- DATASET EXTRACT -

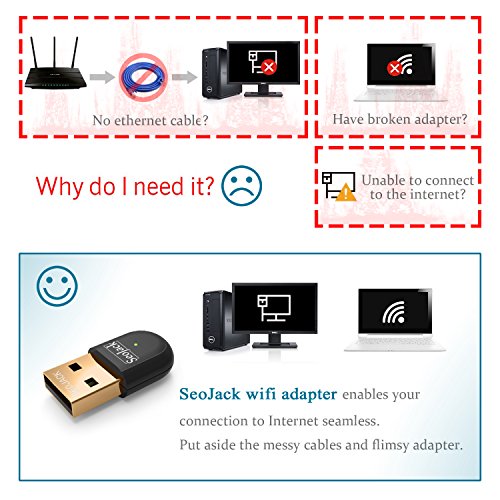 -. Binding : Electronics -. Brand : SeoJack -. EAN : 6097777629392 -. Feature : →Allows your WiFi-disabled desktop computers or laptops connect to 5G/2.4G wirelessnetworks via USB with a simple plug. Mini size for convenient movement without unpling it / →Support Windows XP / Vista / 7 / 8 / 8.1 (32/64bits) / MAC OS X 10.11.X / 10.10.X / 10.9.X / 10.8.X /10.7.X / →Dual Band (5GHz 433Mbps or 2.4GHz 150Mbps) connections for lag-free HD video streaming and gaming. Ultra-fast AC600 wireless speed with 802.11ac / →Easy to install, use drivers CD, simply plug in the wifi adapter to connect to your wifi with client mode or create a hotspot with AP mode / →PLEASE check carefully what systems it is compatible with before place the order. Any problems on setup, please CONTACT US via emails or Q&A -. Label : SeoJack -. Manufacturer : SeoJack -. Model : WS-WN691A1 -. MPN : WS-WN691A1 -. OperatingSystem : Windows XP -. PackageQuantity : 1 -. PartNumber : WS-WN691A1 -. ProductGroup : PC Accessory -. ProductTypeName : COMPUTER_COMPONENT -. Publisher : SeoJack -. Studio : SeoJack -. Title : SeoJack AC600Mbps Dual Band (5GHz and 2.4GHz) Wireless USB Wifi Adapter, For Device of Windows XP / Vista / 7 / 8 / 8.1 (32/64bits) / MAC OS X 10.11.X / 10.10.X / 10.9.X / 10.8.X /10.7.X
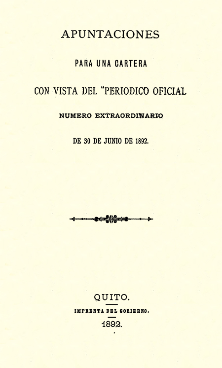 1892. Apuntaciones para una cartera con vista del "Periódico Oficial" número extraordinario de 30 de junio de 1892. Quito, Ecuador : Imprenta del Gobierno.
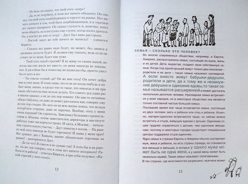 У кавказского мальчика полная крепкая семья. У Кирилла — по-другому. Если цель книги, как заявлено в прологе, — рассказать о семьях народов земли, то, по версии автора, получается, что типичные русские семьи — это матери-одиночки. У Кирилла мама — дважды одиночка, в данный момент она ждет ребенка от приходящего бойфренда.
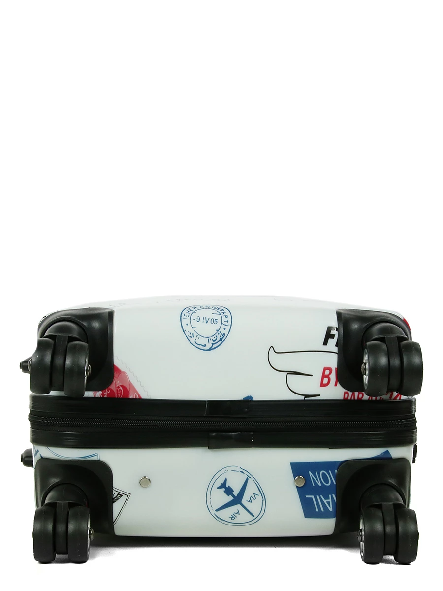 La valise Worldline Freetown Stamps 54 cm dispose d’un style original grâce à ses imprimés mettant en scène des tampons de voyages. Résistante grâce à sa coque en ABS et polycarbonate et ses renforts de protection latéraux, elle est idéale pour voyager le temps d’un week-end ou à bord des cabines d’avions tout en protégeant correctement ses affaires. Son format est d’ailleurs compatible avec les normes cabine des compagnies low cost (Ryanair et EasyJet).

- WHAT IS NEEDED -
Set down the material once more, exactly, with the pictures omitted.

- WRITTEN SOLUTION -
 -. Binding : Electronics -. Brand : SeoJack -. EAN : 6097777629392 -. Feature : →Allows your WiFi-disabled desktop computers or laptops connect to 5G/2.4G wirelessnetworks via USB with a simple plug. Mini size for convenient movement without unpling it / →Support Windows XP / Vista / 7 / 8 / 8.1 (32/64bits) / MAC OS X 10.11.X / 10.10.X / 10.9.X / 10.8.X /10.7.X / →Dual Band (5GHz 433Mbps or 2.4GHz 150Mbps) connections for lag-free HD video streaming and gaming. Ultra-fast AC600 wireless speed with 802.11ac / →Easy to install, use drivers CD, simply plug in the wifi adapter to connect to your wifi with client mode or create a hotspot with AP mode / →PLEASE check carefully what systems it is compatible with before place the order. Any problems on setup, please CONTACT US via emails or Q&A -. Label : SeoJack -. Manufacturer : SeoJack -. Model : WS-WN691A1 -. MPN : WS-WN691A1 -. OperatingSystem : Windows XP -. PackageQuantity : 1 -. PartNumber : WS-WN691A1 -. ProductGroup : PC Accessory -. ProductTypeName : COMPUTER_COMPONENT -. Publisher : SeoJack -. Studio : SeoJack -. Title : SeoJack AC600Mbps Dual Band (5GHz and 2.4GHz) Wireless USB Wifi Adapter, For Device of Windows XP / Vista / 7 / 8 / 8.1 (32/64bits) / MAC OS X 10.11.X / 10.10.X / 10.9.X / 10.8.X /10.7.X
 1892. Apuntaciones para una cartera con vista del "Periódico Oficial" número extraordinario de 30 de junio de 1892. Quito, Ecuador : Imprenta del Gobierno.
 У кавказского мальчика полная крепкая семья. У Кирилла — по-другому. Если цель книги, как заявлено в прологе, — рассказать о семьях народов земли, то, по версии автора, получается, что типичные русские семьи — это матери-одиночки. У Кирилла мама — дважды одиночка, в данный момент она ждет ребенка от приходящего бойфренда.
 La valise Worldline Freetown Stamps 54 cm dispose d’un style original grâce à ses imprimés mettant en scène des tampons de voyages. Résistante grâce à sa coque en ABS et polycarbonate et ses renforts de protection latéraux, elle est idéale pour voyager le temps d’un week-end ou à bord des cabines d’avions tout en protégeant correctement ses affaires. Son format est d’ailleurs compatible avec les normes cabine des compagnies low cost (Ryanair et EasyJet).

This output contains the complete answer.